Last year, the school district paid more than $1.8 million to settle two lawsuits involving a teacher who was accused of abusing special education students.

In 2019, the district also approved a $1.2 million settlement to three families who filed a lawsuit alleging a different special education teacher abused their children during the 2014-15 school year.

In February, mothers of three students who have special needs at Thiriot Elementary School filed a federal civil rights complaint alleging a teacher used a yardstick to punish their children in 2019. The case is still pending.
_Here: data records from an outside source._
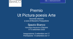 Pescara. Il presidente di giuria della seconda edizione del premio Ut pictura poesis Arte, Massimo Pasqualone, comunica la graduatoria stilata dalla giuria, composta da Gino Palone, Maria Basile, Eugenia Tabellione, Giustino Massucci, Carlo Gentili, Gisella Bianco, Lucrezia Di Francesco, Daniela Ricciardi, e invita il 13 settembre alle 17 per la cerimonia di premiazione presso la Galleria Spazio Bianco di Pescara: …
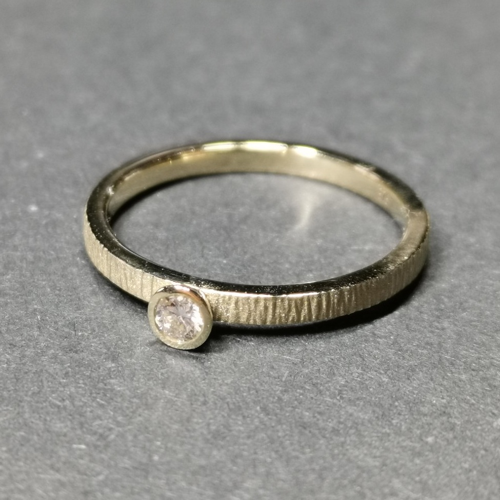 Goldring Solitär 375/- GG, konische Zargenfassung aufgesetzt 4 mm, mit 1 LGD-Brillant 0,10 ct., stapelbar, Schiene mit gestrichelter Oberfläche, Vierkantprofil 2 mm breit und 1,5 mm stark, innen bombiert. Preis gilt bis einschließlich RW 58. Größere Weiten bitte auf Anfrage.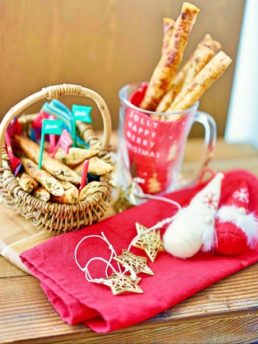 ちょっとしたことですが、イベントに合わせた盛りつけや色合いにすると、同じフィンガーフードでもグンと気分が上がります。手前に見える星も100円ショップのグッズで、ツリーなどの飾りに使うものですが、テーブルに添えても楽しいグッズになります。同じスティック春巻きでも、カットなしとカットしたもの高低差をつけて盛りつけてれば、ちょっと豪華に見えちゃうのでお試しください。

Other lawsuits include one filed by a parent in June 2020 in Clark County District Court against the school district after her child, who has an intellectual disability, disappeared from her middle school campus for four days in 2018.

In a 2018 lawsuit, a mother alleged a district employee broke her autistic son’s wrist.

Online court records show the cases were closed after being “transferred (before trial).” No other information on the cases was immediately available on Monday.